◆ REQUIRED WORK
Every record is to be printed exactly as written; pictures are to be omitted.

[Items from a dataset]
====

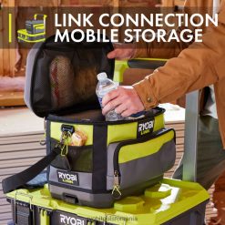 sistemul modular de stocare ryobi link revoluționează industria de depozitare, permițându-vă să vă organizați, să accesați și să vă transportați viața. frigiderul ryobi link 17″ cu laturi moi are un design rezistent la transpirație, cu reținere a gheții de 24 de ore și o capacitate de 24 de doze. Cu această răcitoare veți fi pregătit pentru orice șantier sau aventură, de la plajă la camping. buzunarul izolat al capacului este spațiul perfect pentru a păstra articolele, cum ar fi alimentele, separate și răcite. Cele 3 buzunare exterioare depozitează cu ușurință articole suplimentare, cum ar fi depozitarea uneltei. Ca să nu mai vorbim că deschizătorul de sticle inclus este atașat, astfel încât să nu fiți niciodată lăsat cu mâna goală. transportați folosind confortul mânerul superior sau folosiți cureaua de umăr căptușită inclusă.Acest frigider poate fi atașat cu ușurință la cutia dvs. de instrumente mobilă pentru a călători cu dvs. oriunde.Mai bine, face parte dinlinia de produse de sisteme modulare de stocare ryobi link care utilizează aceeași tehnologie de blocare pentru a vă conecta perfect nevoile de stocare mobilă și staționară. dețineți spațiul dvs. cu sistemul de stocare modular ryobi link.
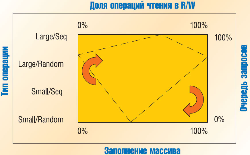Производительность СХД зависит от множества факторов, при этом далеко не все из них определяются физическими параметрами устройств хранения. Помимо характеристик компонентов дисковых массивов, на производительность влияют: тип доступа/характер данных (большие/малые блоки, последовательный/случайный доступ), соотношение операций чтения/записи (R/W), задержка доступа (длина очереди запросов), степень заполнения массива (см. схему «Факторы производительности СХД»). Считывание больших блоков происходит быстрее, чем малых, а последовательные операции совершаются быстрее случайного доступа. Аналогичная ситуация — с соотношением чтения и записи: увеличение доли запросов на запись приводит к снижению производительности.
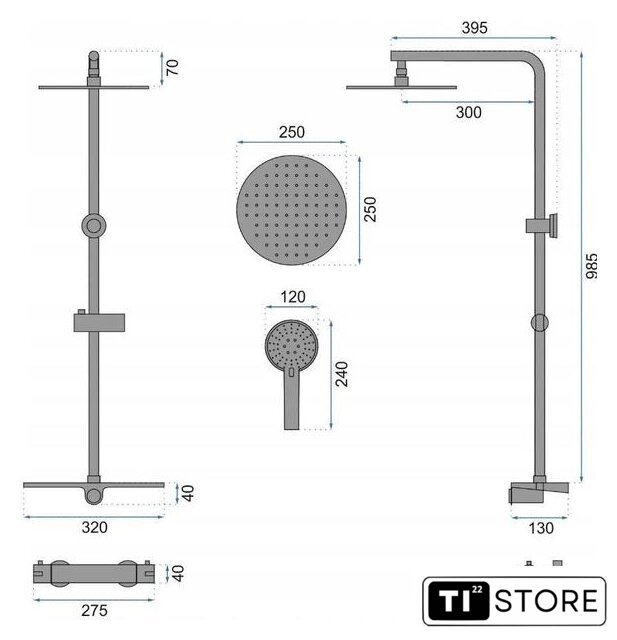 | Диаметр (ширина) верхнего душа | 250 мм |
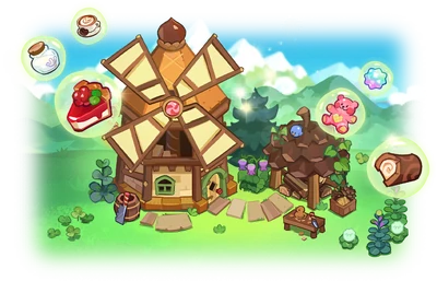 The Windmill Garden provides three sections for Raw Material Buildings, Craft Buildings, and Cookie Houses. Three slots are initially unlocked for both building sections, with additional slots being unlockable with Coins and Aurora Rarities. All Cookie House slots are immediately available. All buildings are stored as is; they'll retain their rotation and ground setting. Cookie Houses cannot be turned into mansions and vice versa when stored inside the Garden, so it has to be done outside of it.
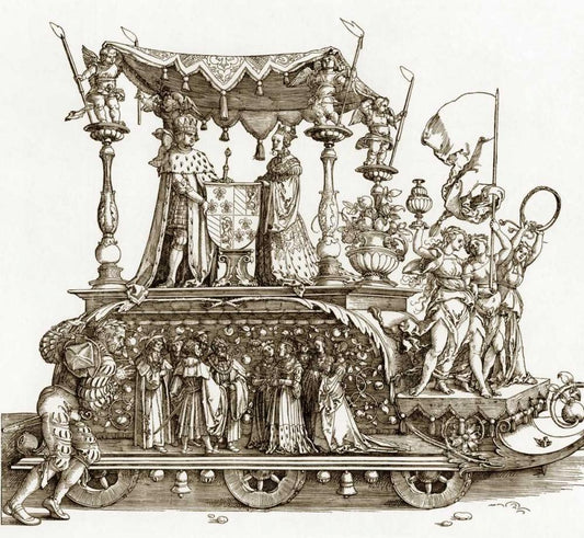 The Small Triumphal Car White Modern Wood Framed Art Print with Double Matting by Durer, Albrecht

====

◆ RESPONSE BOX
 sistemul modular de stocare ryobi link revoluționează industria de depozitare, permițându-vă să vă organizați, să accesați și să vă transportați viața. frigiderul ryobi link 17″ cu laturi moi are un design rezistent la transpirație, cu reținere a gheții de 24 de ore și o capacitate de 24 de doze. Cu această răcitoare veți fi pregătit pentru orice șantier sau aventură, de la plajă la camping. buzunarul izolat al capacului este spațiul perfect pentru a păstra articolele, cum ar fi alimentele, separate și răcite. Cele 3 buzunare exterioare depozitează cu ușurință articole suplimentare, cum ar fi depozitarea uneltei. Ca să nu mai vorbim că deschizătorul de sticle inclus este atașat, astfel încât să nu fiți niciodată lăsat cu mâna goală. transportați folosind confortul mânerul superior sau folosiți cureaua de umăr căptușită inclusă.Acest frigider poate fi atașat cu ușurință la cutia dvs. de instrumente mobilă pentru a călători cu dvs. oriunde.Mai bine, face parte dinlinia de produse de sisteme modulare de stocare ryobi link care utilizează aceeași tehnologie de blocare pentru a vă conecta perfect nevoile de stocare mobilă și staționară. dețineți spațiul dvs. cu sistemul de stocare modular ryobi link.
Производительность СХД зависит от множества факторов, при этом далеко не все из них определяются физическими параметрами устройств хранения. Помимо характеристик компонентов дисковых массивов, на производительность влияют: тип доступа/характер данных (большие/малые блоки, последовательный/случайный доступ), соотношение операций чтения/записи (R/W), задержка доступа (длина очереди запросов), степень заполнения массива (см. схему «Факторы производительности СХД»). Считывание больших блоков происходит быстрее, чем малых, а последовательные операции совершаются быстрее случайного доступа. Аналогичная ситуация — с соотношением чтения и записи: увеличение доли запросов на запись приводит к снижению производительности.
 | Диаметр (ширина) верхнего душа | 250 мм |
 The Windmill Garden provides three sections for Raw Material Buildings, Craft Buildings, and Cookie Houses. Three slots are initially unlocked for both building sections, with additional slots being unlockable with Coins and Aurora Rarities. All Cookie House slots are immediately available. All buildings are stored as is; they'll retain their rotation and ground setting. Cookie Houses cannot be turned into mansions and vice versa when stored inside the Garden, so it has to be done outside of it.
 The Small Triumphal Car White Modern Wood Framed Art Print with Double Matting by Durer, Albrecht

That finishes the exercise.